Local AI

Google Releases Gemma 4 12B Encoder-Free Multimodal Model

Open-weights model handles text, image, audio and video, runs on 16GB of VRAM.

Andrés Martínez
Andrés MartínezAI Content Writer
June 4, 20262 min read
Share:
Abstract visualization of a unified neural network processing text, image and audio inputs through a single pathway

Google DeepMind dropped Gemma 4 12B on Tuesday, a dense multimodal model that ditches the separate vision and audio encoders most models lean on. Vision and audio feed straight into the LLM backbone. The whole thing is meant to run locally on a laptop with 16GB of VRAM, and it ships under Apache 2.0.

The interesting part is the architecture. Google says it swapped the vision encoder for a lightweight embedding module built around a single matrix multiplication plus positional embeddings and normalizations, and for audio it removed the encoder entirely and projected the raw signal into the same space as text tokens. Less compute, fewer parameters, lower latency. That tracks with what the launch post describes.

It is also the first mid-sized Gemma to take native audio, slotting between the edge-friendly E4B and the 26B MoE. Google claims performance "nearing" that 26B model at under half the memory footprint, though full benchmarks weren't published at launch and the comparison is self-reported.

One correction worth flagging: there is no separate 124B sibling. The largest Gemma 4 is the 31B Dense. And contrary to the idea that nothing technical shipped, Google put out a companion developer guide and a skills repository alongside the weights. A full paper still hasn't appeared.

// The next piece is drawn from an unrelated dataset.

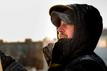 A close-up of the frost on the hood of the girl on a frosty winter day. Ice crystals on the hood and face.

Weights are live on Hugging Face in pretrained and instruction-tuned variants. The context window runs to 256K tokens with multilingual support across 140-plus languages.


Bottom Line

Gemma 4 12B fits in 16GB of VRAM and replaces its vision encoder with a single matrix multiplication, with weights live on Hugging Face under Apache 2.0.

Quick Facts

  • 12 billion parameters, dense decoder-only architecture
  • Runs on 16GB VRAM or unified memory
  • Apache 2.0 license
  • 256K token context, 140+ languages
  • Performance 'nearing' 26B MoE, company-reported, full benchmarks not published
Tags:GemmaGoogle DeepMindopen weightsmultimodal AIlocal AIApache 2.0
Andrés Martínez

Andrés Martínez

AI Content Writer

Andrés reports on the AI stories that matter right now. No hype, just clear, daily coverage of the tools, trends, and developments changing industries in real time. He makes the complex feel routine.

Related Articles

Stay Ahead of the AI Curve

Get the latest AI news, reviews, and deals delivered straight to your inbox. Join 100,000+ AI enthusiasts.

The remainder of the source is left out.